Last updated on Monday 28th of February 2022 08:52:48 PM

Linux lightweight deduplication appliance

Configuring the appliance

 Please note that this post is relative to old deprecated software ©XSIBackup-Classic. Some facts herein contained may still be applicable to more recent versions though.

For new instalations please use new ©XSIBackup which is far more advanced than ©XSIBackup-Classic.

Deduplication series:


Before we can start to enjoy our deduplication appliance we must properly configure all the software we have installed so far.
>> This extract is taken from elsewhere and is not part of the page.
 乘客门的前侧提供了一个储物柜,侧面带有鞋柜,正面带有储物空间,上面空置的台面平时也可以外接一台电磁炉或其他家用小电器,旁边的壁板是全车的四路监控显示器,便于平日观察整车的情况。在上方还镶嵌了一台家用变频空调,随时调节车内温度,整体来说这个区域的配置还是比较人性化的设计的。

First of all we'll edit the Lessfs configuration file /etc/lessfs.cfg. As we can see, there are plenty of options. By now we will just turn off encryption, as we have not installed any encryption libraries, and Lessfs would throw a SEGFAULT.

ENCRYPT_DATA=off

Next we'll create a directory where all the filesystem structure is to be shown. For this tutorial I will use /home/lessfs-files, So...
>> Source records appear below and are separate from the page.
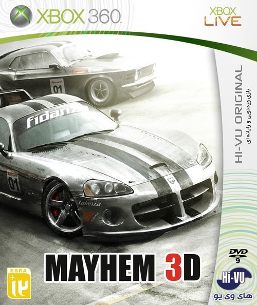 بازی MAYHEM 3D Xbox 360 یا ضرب وشتم یک بازی ویدئویی در سبک مسابقه ای است که توسط شرکت Left Field Productions توسعه یافته و به وسیله Rombax Games در مارس 2011 برای پلتفرم های پلی استیشن 3 و ایکس باکس 360 منتشر شده است. در این نسخه از بازی با انتخاب خودروی مورد نظر خود وارد دنیای بازی شوید و به مسابقه بپردازید. تنوع خودروها در بازی MAYHEM 3D Xbox 360 بسیار بالاست و تمامی خودروها تغییر یافته و برای برخوردهای شدید آماده شده اند. گرافیک و رنگ دنیای بازی به صورت تیره و روشن می باشد. خودروهای شاسی بلند با چرخ های بزرگ نیز در بازی موجود است که با پیشرفت در بازی می توانید آن را آزاد کرده و استفاده کنید. با پیشرفت در بازی MAYHEM 3D Xbox 360 می توانید میدان های مسابقه، آهنگ های پس زمینه و خودروهای قفل شده را آزاد کرده و به بازی بپردازید.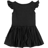 Black, organic dress for small children. The top of the dress has stretch to make it easy to move around in. The dress has a round neck, small sleeves and a circular skirt.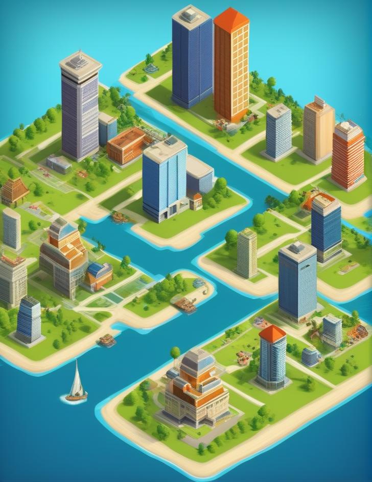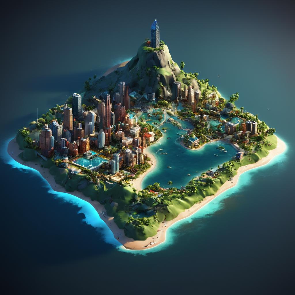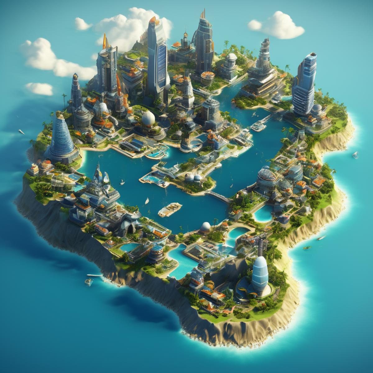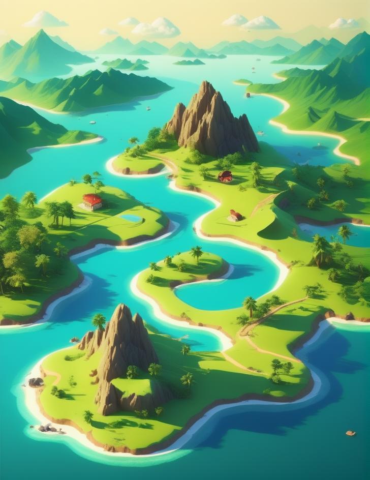 Example prompt: iso island, watercraft, no humans, flag, boat, water, scenery, tree, outdoors, stairs, barrel, bridge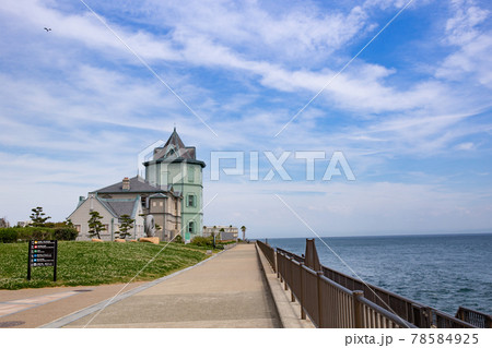 夏の神戸舞子公園にある孫文記念館と瀬戸内海

# mkdir /home/lessfs-files

Now we will create all the directories to store the database files. We will change the default location, instead of /data we'll change it to /home/data. In CentOS 6.7 the default partitioning reserves most of the space to the home partition. If we left it in the default location /data, only the remaining space of the root partition would be available to store BerkeleyDB data.

# mkdir -p /home/lessfs-data/dta && mkdir -p /home/lessfs-data/mta

We also need to copy the following file into /home/lessfs-data/mta

wget http://a.33hops.com/downloads/?f=DB_CONFIG.bin -O /home/lessfs-data/mta/DB_CONFIG

As I have changed the default path to the data directories, I have to tell Lessfs where those directories should be sought. That info is stored in the /etc/lessfs.cfg file.

Change paths to data in /etc/lessfs.cfg

Once we have the directory structure we issue this command to initialize BerkeleyDB

# /usr/local/sbin/mklessfs -f -c /etc/lessfs.cfg

If we now inspect the just created folders /home/lessfs-data/dta and /home/lessfs-data/mta, we'll see there are some files there.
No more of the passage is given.